TW: VIOLENCE, MENTIONS OF JAIL/PROSECUTION, MENTIONS OF SUICIDE, DRUG USE
BACKSTORY
capricorn sun / virgo moon / scorpio rising
raised by her uncle Big (his name) who is a hermit shut in town local in the depths of the florida marshland like some goosebumps protagonist. hes gone far past socially acceptable in terms of his ability to connect with the modern person but is wise beyond belief... his whole vibe is a warped cross between a cryptid and a mountain man that forages and cooks neighborhood plants. married for 27 years before his wife passed from illness. its quite possibly the only thing hes ever been emotional about
but dels entry to his life throws a wrench in his sadness (despite abandonment being what they bond over). she takes the focus away from his loss with her presence; her dad, his brother, died in a tragic train-car collision around the same time (which is speculated to be a suicide bt nobody can ever really be sure). he was a single parent so her custody is thrown up in the air for a few months as cps decides what they r gna do with this freshly orphaned little scrapper
she just kinda turns up on his doorstep n from there they cohabit a space. shes arnd 6-7 at this time... big never seemed to b phased by the fact tht she was a child n tended to treat her more like an apprentice or guest. he was never close to her father because of their age difference, being the older out of the two, so to have his daughter become his responsibility is just..... weird
this doesnt mean that he wouldnt provide for her bt it was. not very parental whatsoever.... no conversation or interaction beyond what was necessary. she was a mute fr a while and still is? to a degree.... very short spoken
when she got to her preteens he offered her an allowance in exchange for little odds and ends of stuff to be taken care of around the house. errands n all tht.... sometimes he wld purposefully leave things for her to pick up n take care of without mentioning it for a bonus. taught her the importance of saving your money and the horrid corruptness of a society basing everythings worth off paper. big exposed her to a lot of knowledge and took advantage of her silent curiosity by fueling it with books, homeschooling, life skills (catching a fish, setting a trap, knowing your berries in the woods...... the works)
her teens carried out the same way bt with the introduction of a real job, a spot down at the local butcher shop checking people out at the register and helping around the back of house. del knows a great deal abt cow/pig/chicken/etc anatomy from her years here..... she committed to being 100% vegan into her early twenties because of her trauma frm this occupation
it paid very well tho n was the best gig she was going to get within a reasonable biking route from home. so she settled!

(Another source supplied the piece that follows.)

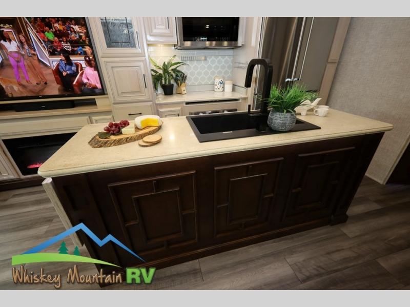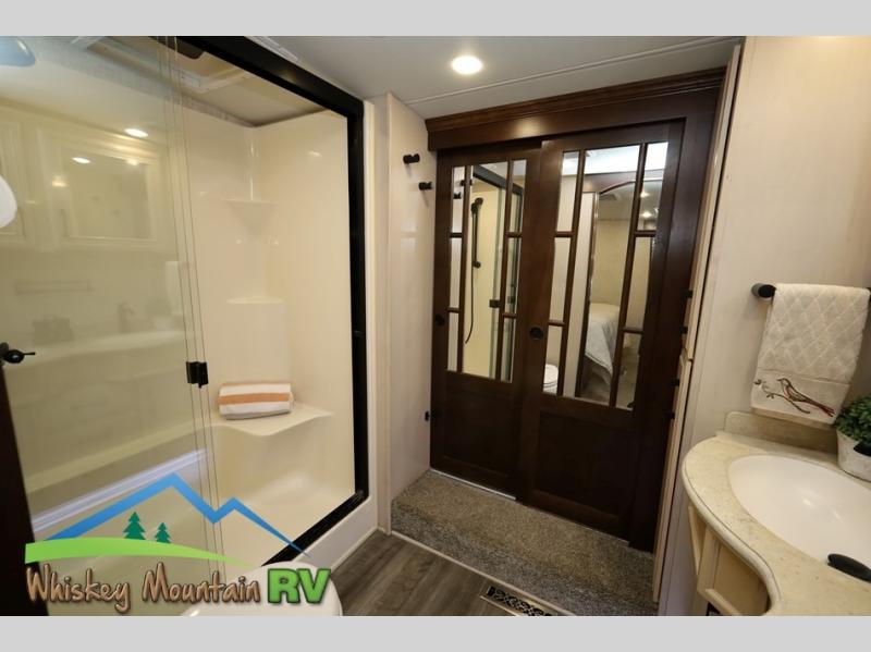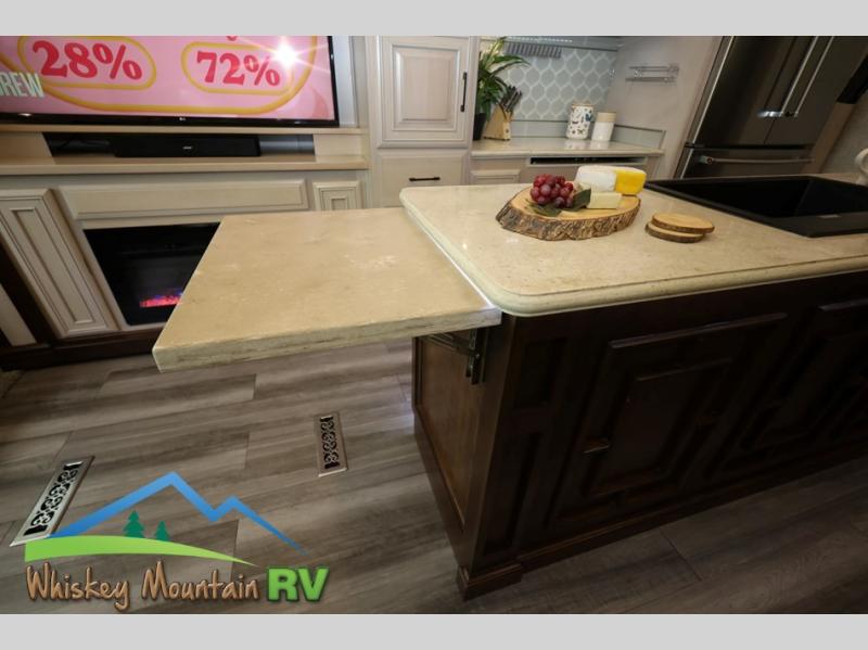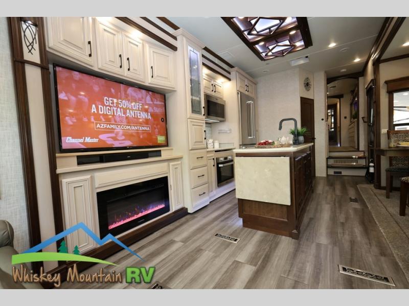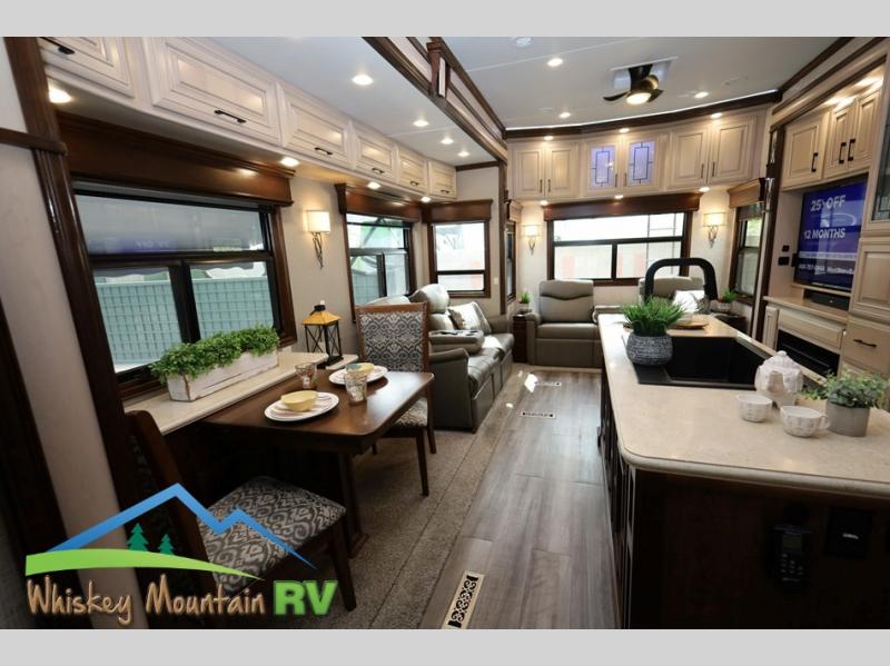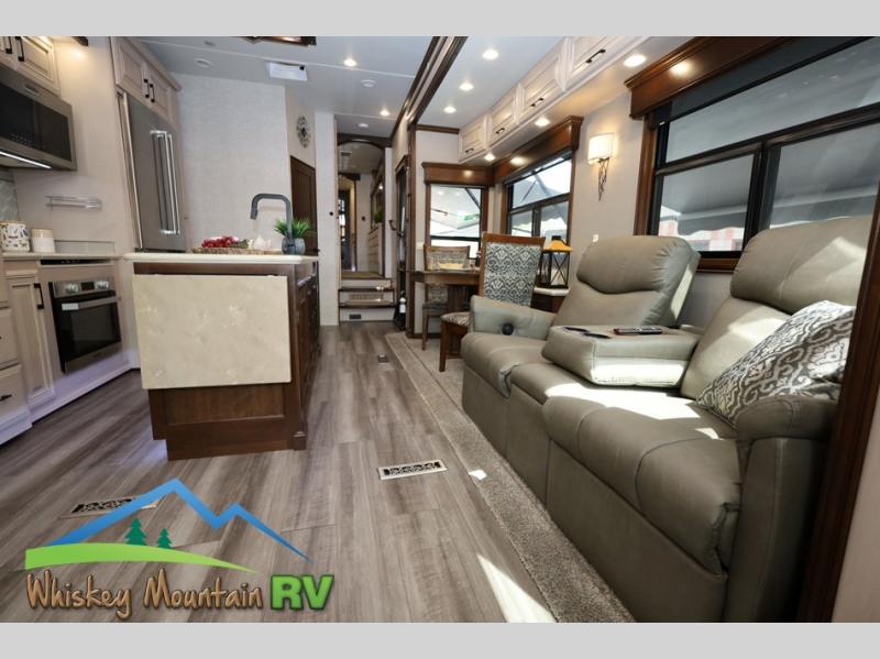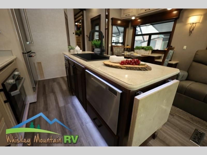 THIS ONE OWNER, 2020 DRV MOBILE SUITES 39 DBRS4 IS ONE OF DRV'S MOST POPULAR BATH AND A HALF FLOOR PLANS ESPECIALLY WITH THE LATTE INTERIOR. IT FEATURES A MAIN FLOOR HALF BATH / LAUNDRY ROOM WITH W/D, HUGE KITCHEN WITH CENTER ISLAND, LARGE PANTRY AND A KING BED MASTER SUITE WITH A FULL BATHROOM ENSUITE.

the plan wasnt to keep it up for long anyway. she worked rly hard for her spot at yates and didnt intend to ever screw herself over. her plan was to get her bachelors, masters, become a professor, pursue a personal hobby of agriculture and build an elaborate greenhouse to live in
bt things happen..... 
some 35yr old douche with a green thumb woos her at a gardening store n swoops in to teach her a little more abt romance; all of this, of course, under the guise that he had all these tips and tricks for living environmentally friendly. a lame hippie wannabe that shouldve never even approached her bt alas.... he did
love is a touchy subject n it hadnt been something she set her sights on, but she was interested in wht this dude could teach her n at 19 she ended up falling in love. she delayed her education to stay an extra year back home and work out another plan which included him
this was very disappointing to her uncle bt he didnt have anything to say abt it. it was never parental before n it was never going to be, so this was another lesson she wld just have to overcome on her own
it turns out that she doesnt care for infidelity. when the confession comes out its met with a lot of screaming, bawling, blistering white hot anger. the whole incident is blacked out of her mind to b honest....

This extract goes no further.